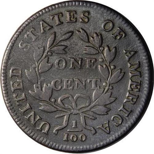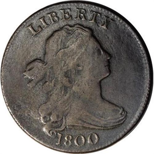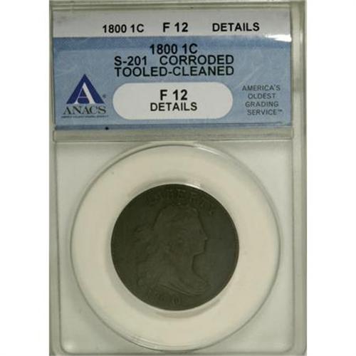 <B>1800 1C Normal Date. Fine 12 Details, Corroded, Tooled, Cleaned, ANACS. S-201, B-17, High R.4. </B></I> <B>Noyes VG7; tied for CC-11. Photo #25044. Our EAC Grade VG7.</B></I><BR><BR><B>Equivalents.</B></I> Clapp-Newcomb 14; EAC 27; <I>Encyclopedia </B></I>1737; PCGS #1449.<BR><BR><B>Surfaces.</B></I> Deep steel-brown with lighter olive on the obverse device. The surfaces have been burnished to remove old corrosion.<BR><BR><B>Variety. </B></I>Bases of 00 thin or open. LIB close. Stemless leaf pairs left of ONE and right of CENT. The obverse appears on S-199, S-200, S-201, S-202, and NC-3. The reverse appears on S-201.<BR><BR><B>Die State III. </B></I>Probably an intermediate die state, but the burnishing has also diminished the appearance of cracks and bulges, rendering an exact die state determination nearly impossible.<BR><BR><B>Census. </B></I>Although the Condition Census is higher than that of S-198, this is another variety that is elusive, with the finest examples graded VF20, according to Bland. Three pieces are similar, including one in the ANS. Following those are three Fines and several VG's.<BR><BR><B>Commentary. </B></I>Rated R-7 in <I>Early American Cents,</B></I> Sheldon lowered the rating to R-6 in <I>Penny Whimsy,</B></I> based on his knowledge of 15 different examples. Today, its High R-4 rating suggests that nearly 100 are known, yet the finest of those grades VF20, no different than in 1958.<BR><BR><B>Provenance. </B></I><I>Henry C. Hines; Dr. William H. Sheldon; Dorothy Paschal (4/1978); Richard Punchard (6/1989); Wes Rasmussen (Heritage, 1/2005), lot 3237, $1,092.50.</B></I><BR><BR><b>Shipping:</b> Coins & Currency (<a target="_blank" href="http://www.heritageauctions.com/common/shipping.php">view shipping information</a>)
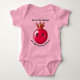Un petit costume rose pâle avec en son centre une adorable grenade à la kawaii, aux formes arrondies et joyeuses, aux couleurs rouges vives, et une expression joyeuse avec des yeux pétillants et un doux sourire. Le design est ludique et festif, parfait pour Rosh Hashanah. Le haut de la bodysuit présente un texte personnalisable qui dit "Nouvel An, Nouveau Début", tandis que le bas montre l'expression "Un peu de douceur grenade !" - capturant l'esprit de la fête de façon douce et élégante.
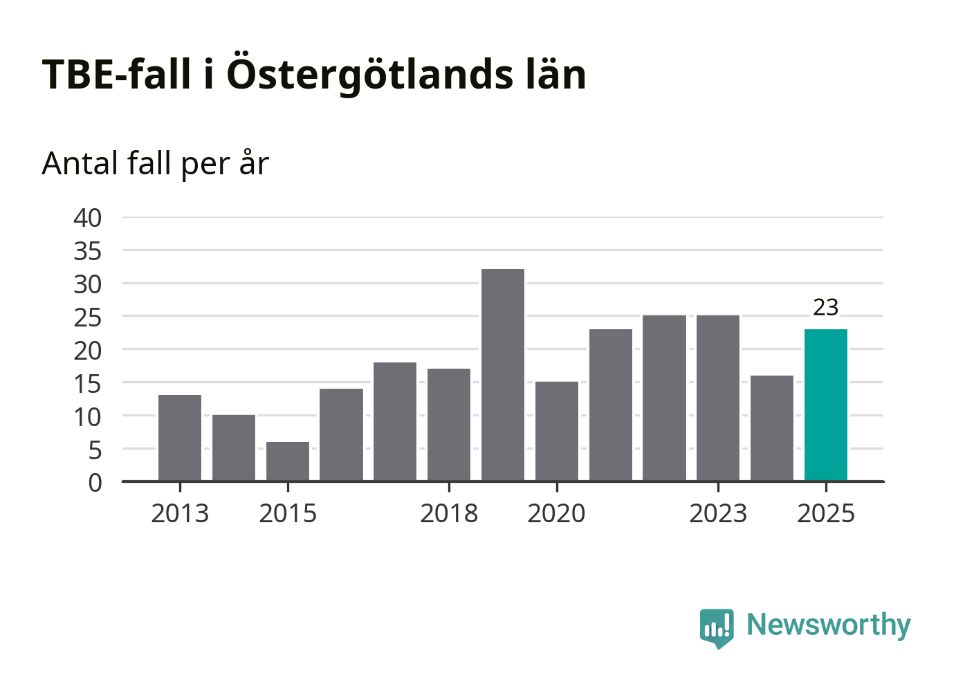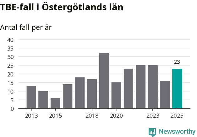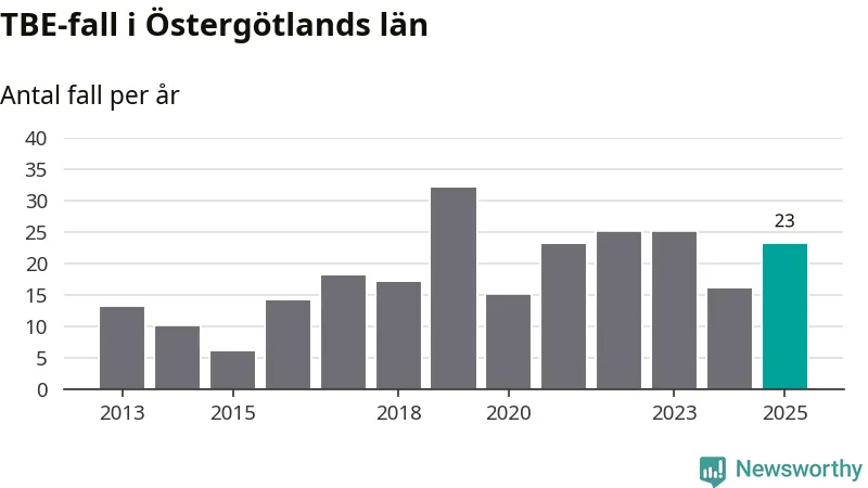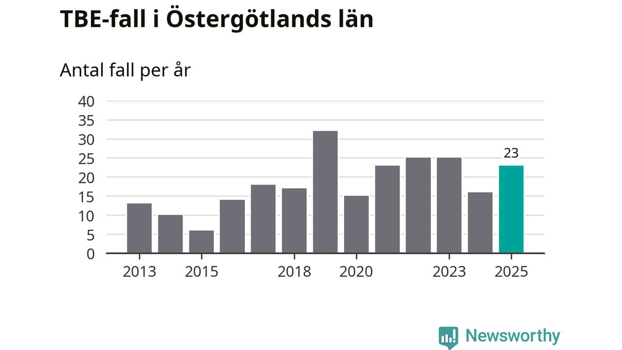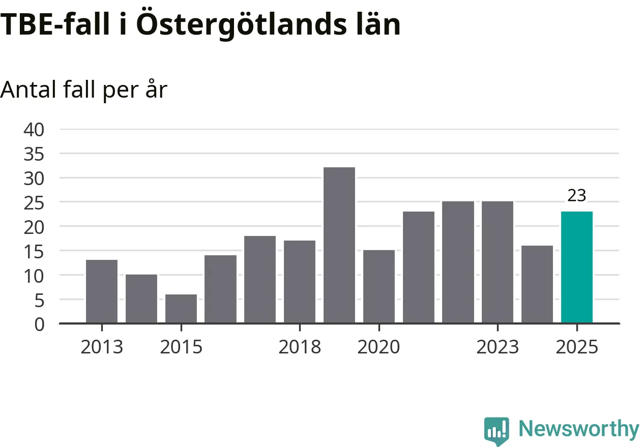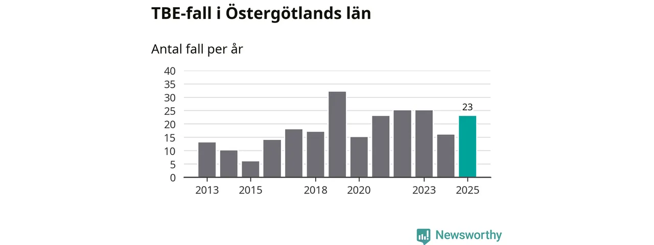 Den långsiktiga trenden är däremot tydlig. TBE-fallen blir allt fler i Sverige. Sett över tid har antalet anmälda fall i landet som helhet ökat med drygt sex procent per år sedan 2013. Totalt motsvarar det en ökning på 141 procent om vi jämför 2013 med 2025 års siffror.
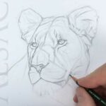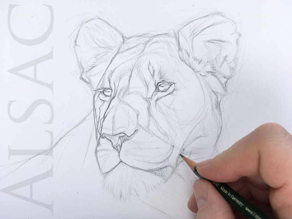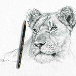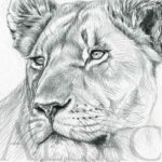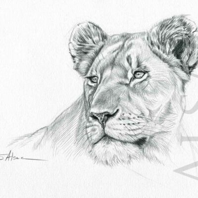 Original artwork drawn by Stéphane Alsac, modern animal artist : A black & white realistic drawing of a Lioness – Graphite on Paper
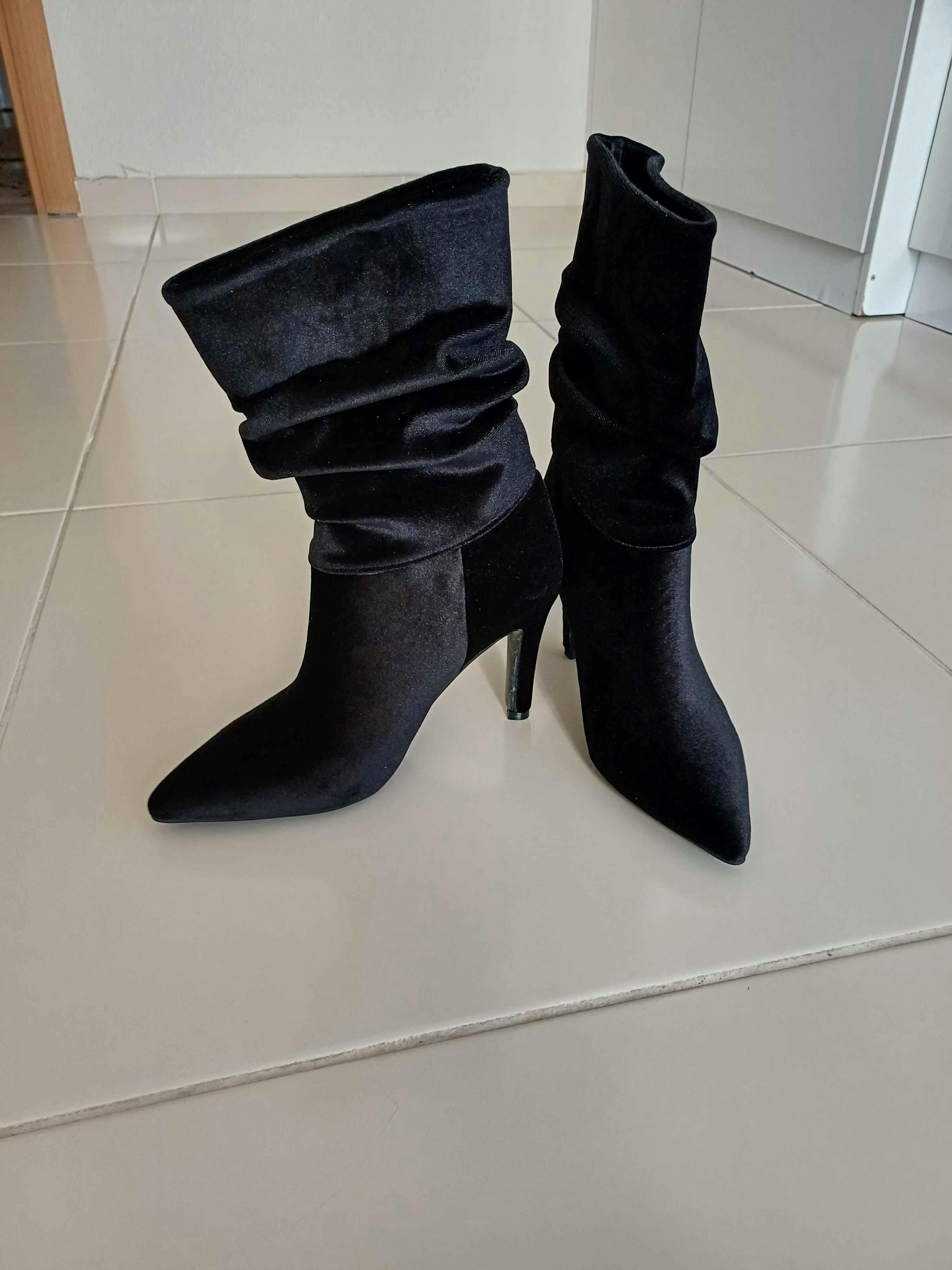 Wilma Siyah Kadife Körüklü İnce Topuklu Bot
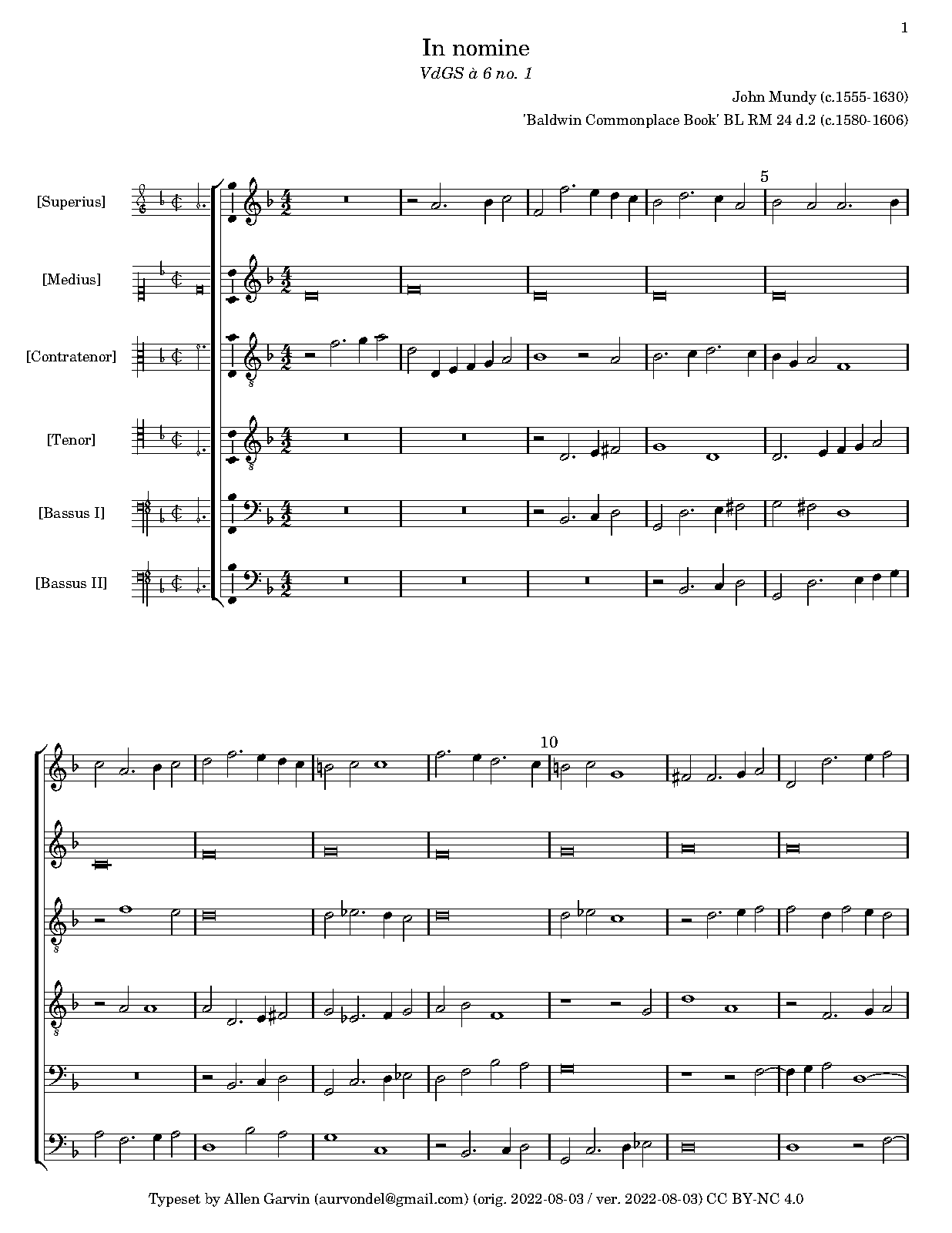 | Genre Categories | In nomines; For 2 treble, 2 tenor, 2 bass instruments; Scores with open instrumentation; |

> Task
Nothing but the lines from the one holding "Un petit costume" to the end of the entries above should be echoed, exactly and with both ends included; omit the pictures.

> Expected answer
Un petit costume rose pâle avec en son centre une adorable grenade à la kawaii, aux formes arrondies et joyeuses, aux couleurs rouges vives, et une expression joyeuse avec des yeux pétillants et un doux sourire. Le design est ludique et festif, parfait pour Rosh Hashanah. Le haut de la bodysuit présente un texte personnalisable qui dit "Nouvel An, Nouveau Début", tandis que le bas montre l'expression "Un peu de douceur grenade !" - capturant l'esprit de la fête de façon douce et élégante.
 Den långsiktiga trenden är däremot tydlig. TBE-fallen blir allt fler i Sverige. Sett över tid har antalet anmälda fall i landet som helhet ökat med drygt sex procent per år sedan 2013. Totalt motsvarar det en ökning på 141 procent om vi jämför 2013 med 2025 års siffror.
 Original artwork drawn by Stéphane Alsac, modern animal artist : A black & white realistic drawing of a Lioness – Graphite on Paper
 Wilma Siyah Kadife Körüklü İnce Topuklu Bot
 | Genre Categories | In nomines; For 2 treble, 2 tenor, 2 bass instruments; Scores with open instrumentation; |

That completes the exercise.